> _ABOUT THIS TASK_: Retype the listing exactly as it stands, and keep every image out.
═══ DATASET EXCERPT
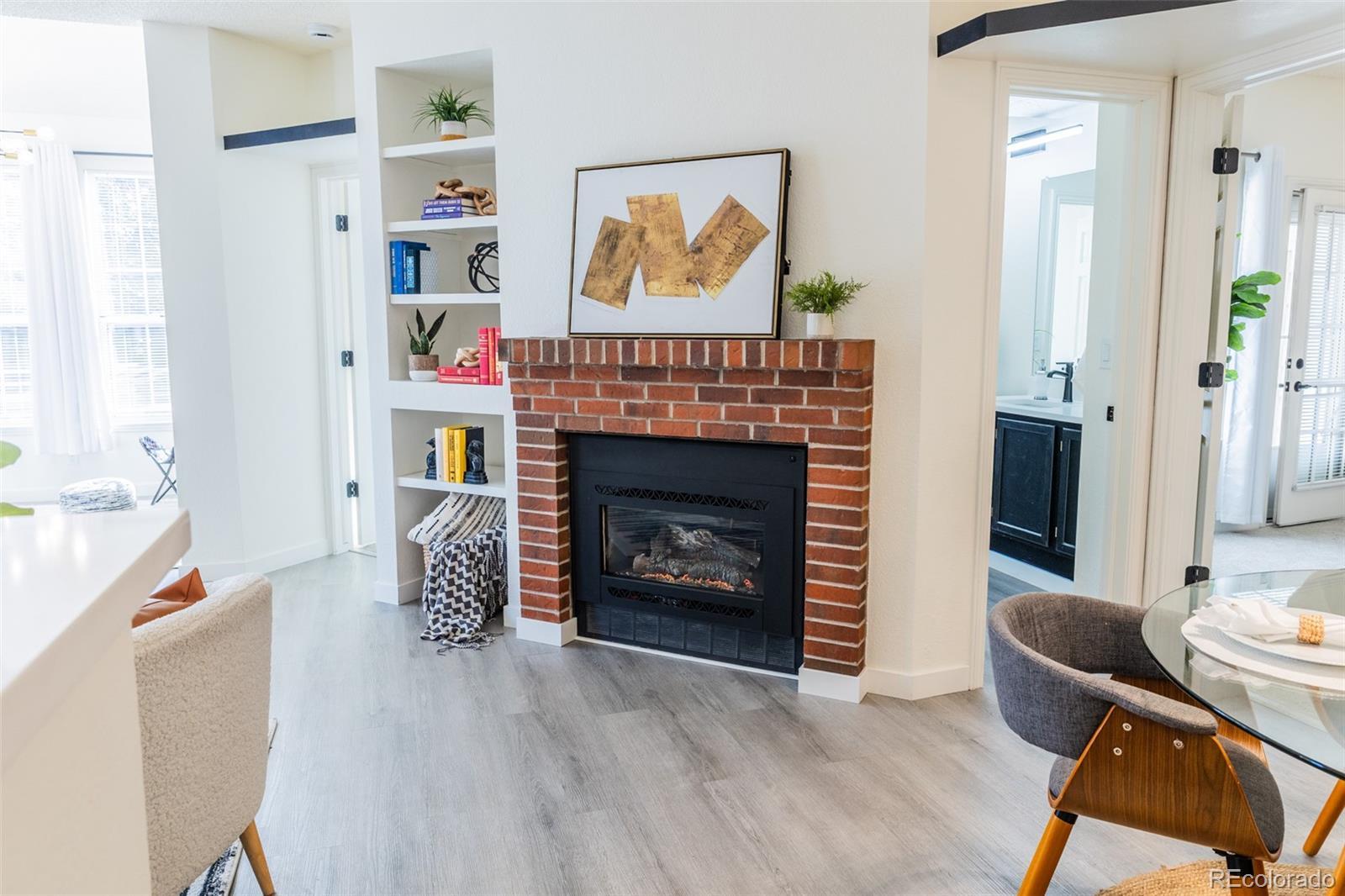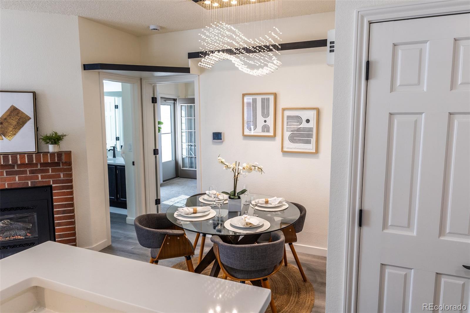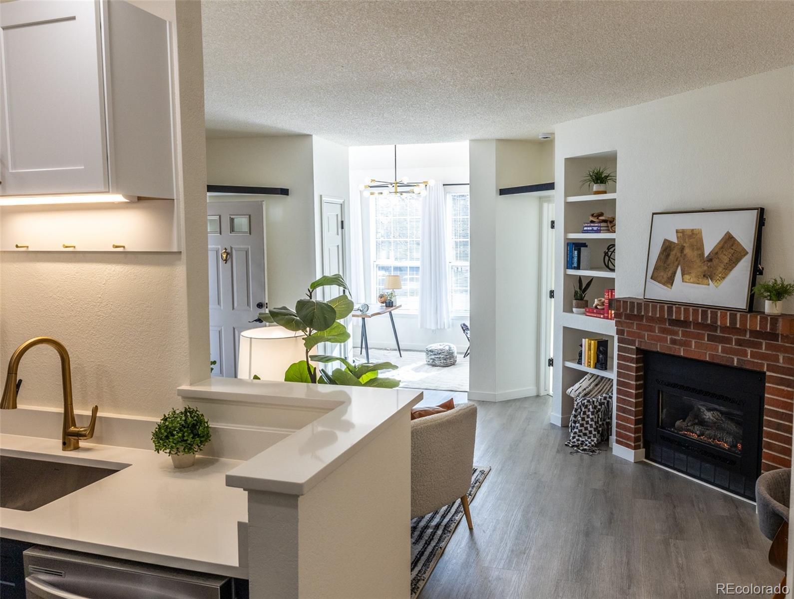 Welcome home to this beautifully updated, ground-level, end unit condo in the Steeplechase community. Thoughtful finishes, a functional layout, and a prime Littleton location make this well-cared-for home truly move-in ready, offering comfort and style with low-maintenance living. The kitchen was fully renovated in 2023 and features two-toned cabinetry with white uppers and deep blue lowers, copper-toned fixtures, ample storage, and newer appliances. New luxury vinyl plank flooring runs through the main living areas, while both bedrooms feature carpet. The spacious living room is centrally located and anchored by a gas fireplace, creating a comfortable gathering space. The primary suite offers excellent sound insulation, a walk-in shower, multiple walk-in closets, and direct access to a private patio with additional outdoor storage. In-unit laundry includes a GE washer and dryer, and both the furnace and water heater have been serviced within the past year. Additional conveniences include an attached one-car garage with storage, guest parking access, and a well-managed HOA that covers exterior maintenance, snow removal, landscaping, and common area upkeep. Community amenities include an outdoor pool, gazebo, and shared outdoor spaces. Located just steps from the South Platte River, residents enjoy easy access to an extensive trail system ideal for walking and biking, while still being close to downtown Littleton, parks, shopping, dining, and everyday amenities. A great opportunity for comfortable, connected living in a peaceful setting.
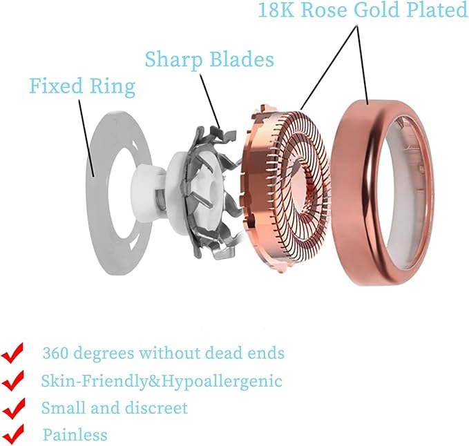 - 【ComfortCut】18K gold-plated surface, a built-in stainless steel blade set, and the bottom interface is perfect for finishing touch flawless facial removal. It can easily remove facial hair without causing pain, facial infections and other problems.
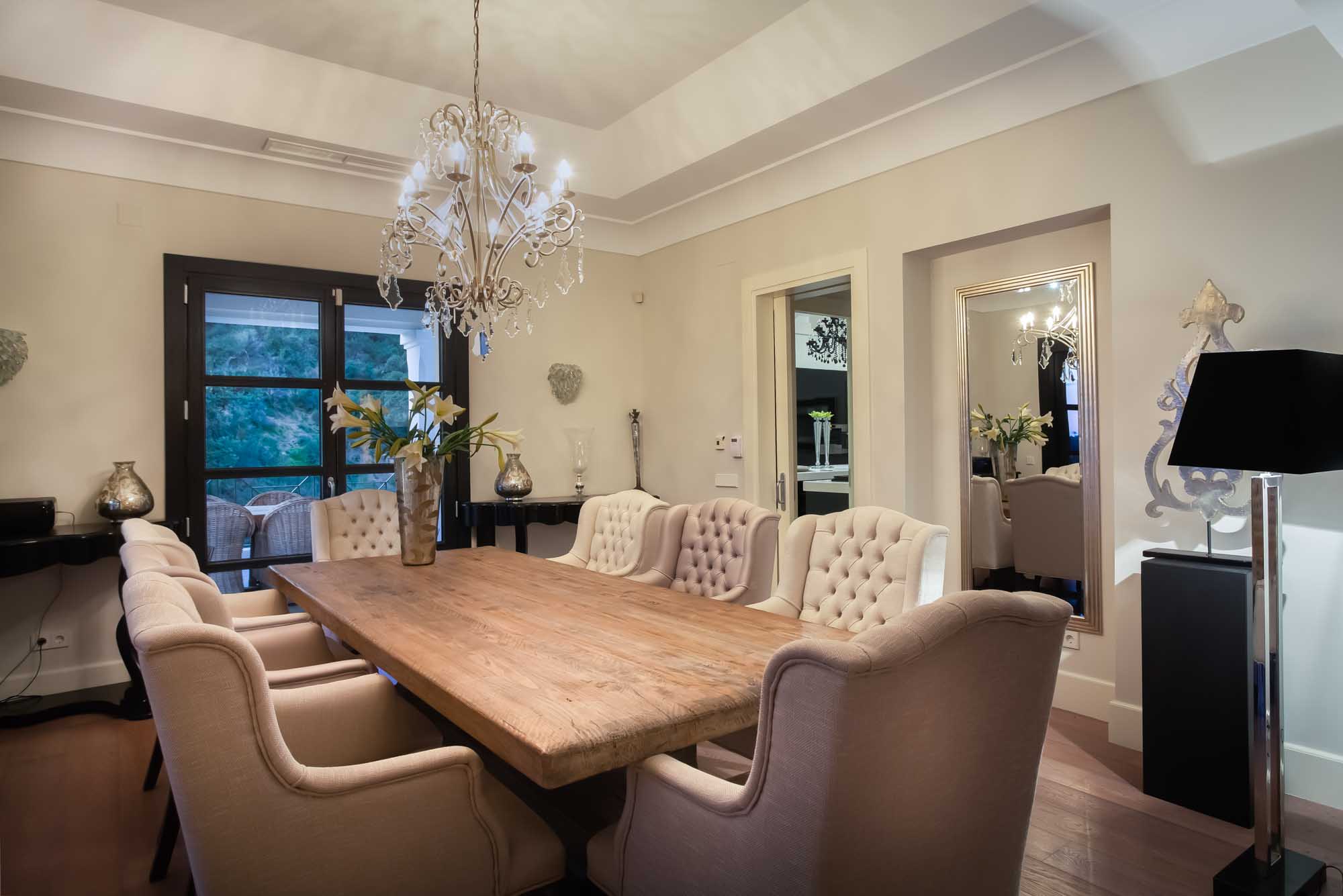 The elegant Parisian-style formal dining room is located on the main floor of the house, open-plan adjacent to the kitchen and main living area. The large oak table seating eight is crowned by a showpiece chandelier, while French doors open onto the outdoor terraces with further dining space and wrap-around views from mountains to sea.
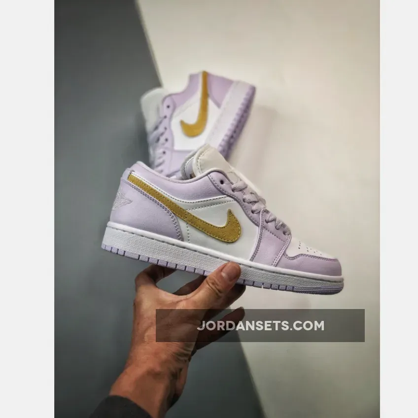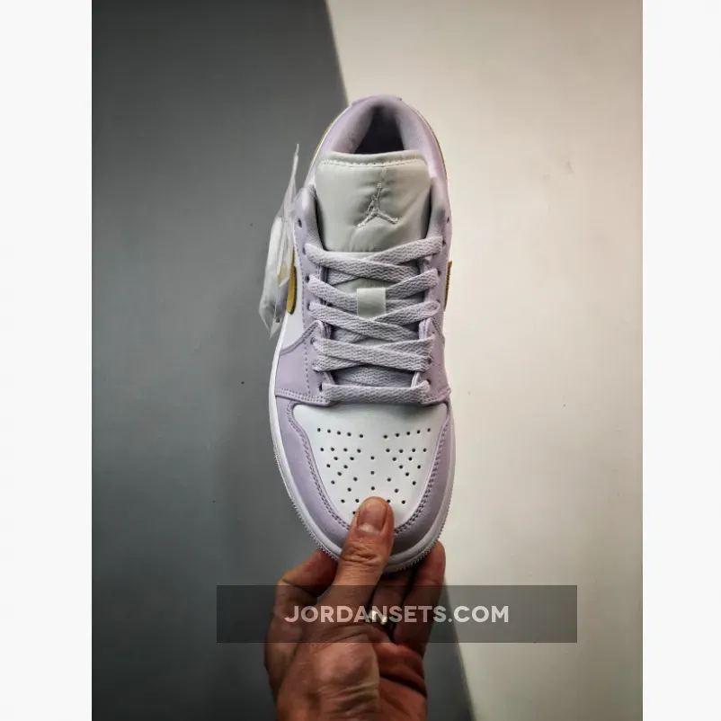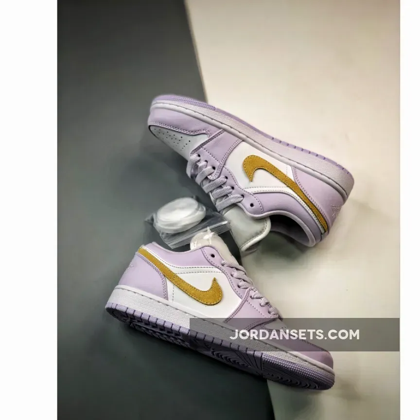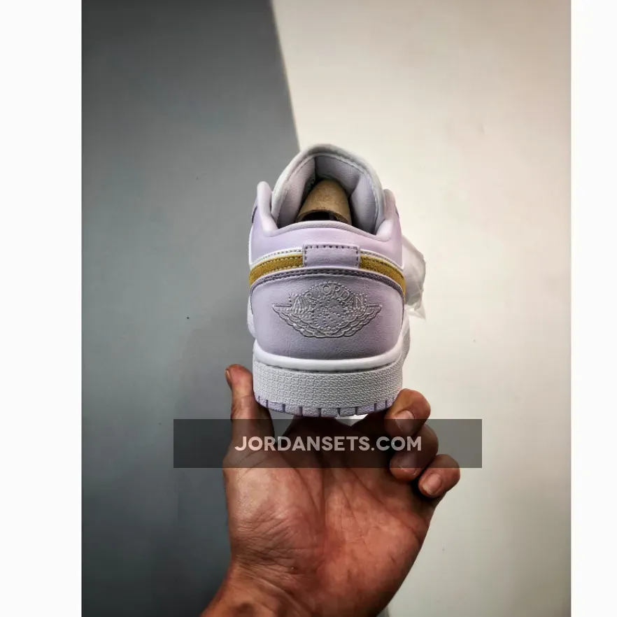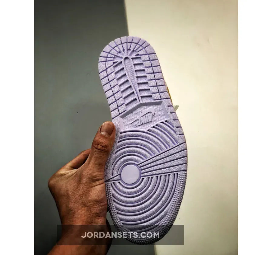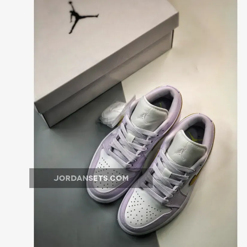 When Peter Moore introduced the Air Jordan 1 in 1985 as Michael Jordan’s first signature basketball sneaker, it was an instant hit with the audience and sneaker enthusiasts. Today, the AJ1 is more than just a hoops classic; it’s a lifestyle model loved by the masses. Now arriving in its classic low-top version, the new Air Jordan 1 Low Barely Grape colourway is a must-have for fans of pastel colours.The upper is crafted with a smooth leather base in white and lilac. The perforated toe boxes and quarter panels opt for the white colour, leaving the overlaying counterparts with the very light purple tone. On the contrary, the Nike Swooshes on the lateral and medial sides feature suede material in yellow, adding an eye-catching feature to the trainers.
══════
> _EXERCISE SOLUTION_:
 Welcome home to this beautifully updated, ground-level, end unit condo in the Steeplechase community. Thoughtful finishes, a functional layout, and a prime Littleton location make this well-cared-for home truly move-in ready, offering comfort and style with low-maintenance living. The kitchen was fully renovated in 2023 and features two-toned cabinetry with white uppers and deep blue lowers, copper-toned fixtures, ample storage, and newer appliances. New luxury vinyl plank flooring runs through the main living areas, while both bedrooms feature carpet. The spacious living room is centrally located and anchored by a gas fireplace, creating a comfortable gathering space. The primary suite offers excellent sound insulation, a walk-in shower, multiple walk-in closets, and direct access to a private patio with additional outdoor storage. In-unit laundry includes a GE washer and dryer, and both the furnace and water heater have been serviced within the past year. Additional conveniences include an attached one-car garage with storage, guest parking access, and a well-managed HOA that covers exterior maintenance, snow removal, landscaping, and common area upkeep. Community amenities include an outdoor pool, gazebo, and shared outdoor spaces. Located just steps from the South Platte River, residents enjoy easy access to an extensive trail system ideal for walking and biking, while still being close to downtown Littleton, parks, shopping, dining, and everyday amenities. A great opportunity for comfortable, connected living in a peaceful setting.
 - 【ComfortCut】18K gold-plated surface, a built-in stainless steel blade set, and the bottom interface is perfect for finishing touch flawless facial removal. It can easily remove facial hair without causing pain, facial infections and other problems.
 The elegant Parisian-style formal dining room is located on the main floor of the house, open-plan adjacent to the kitchen and main living area. The large oak table seating eight is crowned by a showpiece chandelier, while French doors open onto the outdoor terraces with further dining space and wrap-around views from mountains to sea.
 When Peter Moore introduced the Air Jordan 1 in 1985 as Michael Jordan’s first signature basketball sneaker, it was an instant hit with the audience and sneaker enthusiasts. Today, the AJ1 is more than just a hoops classic; it’s a lifestyle model loved by the masses. Now arriving in its classic low-top version, the new Air Jordan 1 Low Barely Grape colourway is a must-have for fans of pastel colours.The upper is crafted with a smooth leather base in white and lilac. The perforated toe boxes and quarter panels opt for the white colour, leaving the overlaying counterparts with the very light purple tone. On the contrary, the Nike Swooshes on the lateral and medial sides feature suede material in yellow, adding an eye-catching feature to the trainers.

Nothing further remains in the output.